Let's use the [same set](data-actual-severity.html#multiple-images) of 10 soybean leaves, as seen in the previous chapter, depicting the rust symptoms and create the `sbr` object.
```{r}
#| message: false
#| warning: false
library(pliman)
h <- image_import("imgs/sbr_h.png")
s <- image_import("imgs/sbr_s.png")
b <- image_import("imgs/sbr_b.png")
sbr <- measure_disease(
pattern = "img",
dir_original = "imgs/originals" ,
dir_processed = "imgs/processed",
save_image = TRUE,
img_healthy = h,
img_symptoms = s,
img_background = b,
show_original = FALSE, # set to TRUE for showing the original.
col_background = "white",
verbose = FALSE,
plot = FALSE
)
```
We are ready to run the `sad()` function to create a SADs with five diagrams side by side.

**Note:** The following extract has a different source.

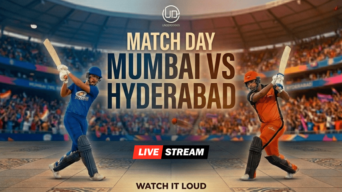 Get ready for a blockbuster clash as Mumbai takes on Hyderabad, streaming live on massive screens at Underdoggs.Feel the adrenaline of every over, every wicket, and every last-ball finish in a high-energy matchday atmosphere. With great food, refreshing drinks, and a crowd that lives for cricket, this is where the real action unfolds beyond the stadium.Game on. Volume up. Vibes unmatched.
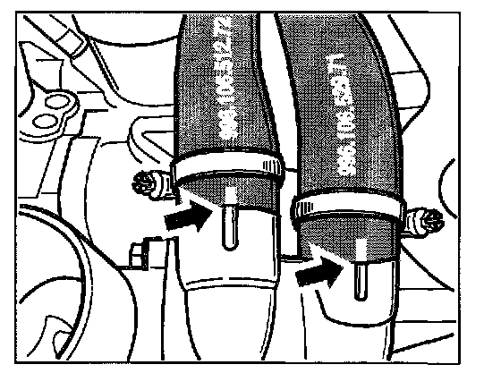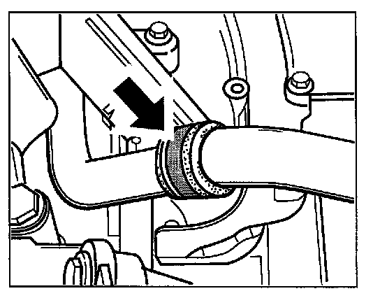 23. Undo hose clamps on the coolant hoses. To do this, open the hose clamps -arrow-.

The resulting SADs is in two-color as standard. Set the argument `show_original` to `TRUE` for showing the orignal image in the SADs.
```{r}
sad(sbr, 5, ncol = 5)
```
## Analysis of SADs validation data
To evaluate the effect of SAD on accuracy components, analyze the data, preferably using concordance analysis methods ([see chapter](data-accuracy.html)), to fully explore which component is affected and to gain insight into the ramification of errors. Linear regression should not be used as the sole method but it could be complementary for comparison with previous literature.
Inferential methods should be used for testing hypotheses related to gain in accuracy. If parametric tests are used (paired t-test for example), make sure to check that the assumptions are not violated. Alternatively, nonparametric tests (Wilcoxon signed rank) or nonparametric bootstrapping should be used when the conditions for parametric tests are not met. More recently, a (parametric) mixed modelling framework has been used to analyse SADs validation data where raters are taken as a random effects in the model [@gonzález-domínguez2014; @franceschi2020; @pereira2020].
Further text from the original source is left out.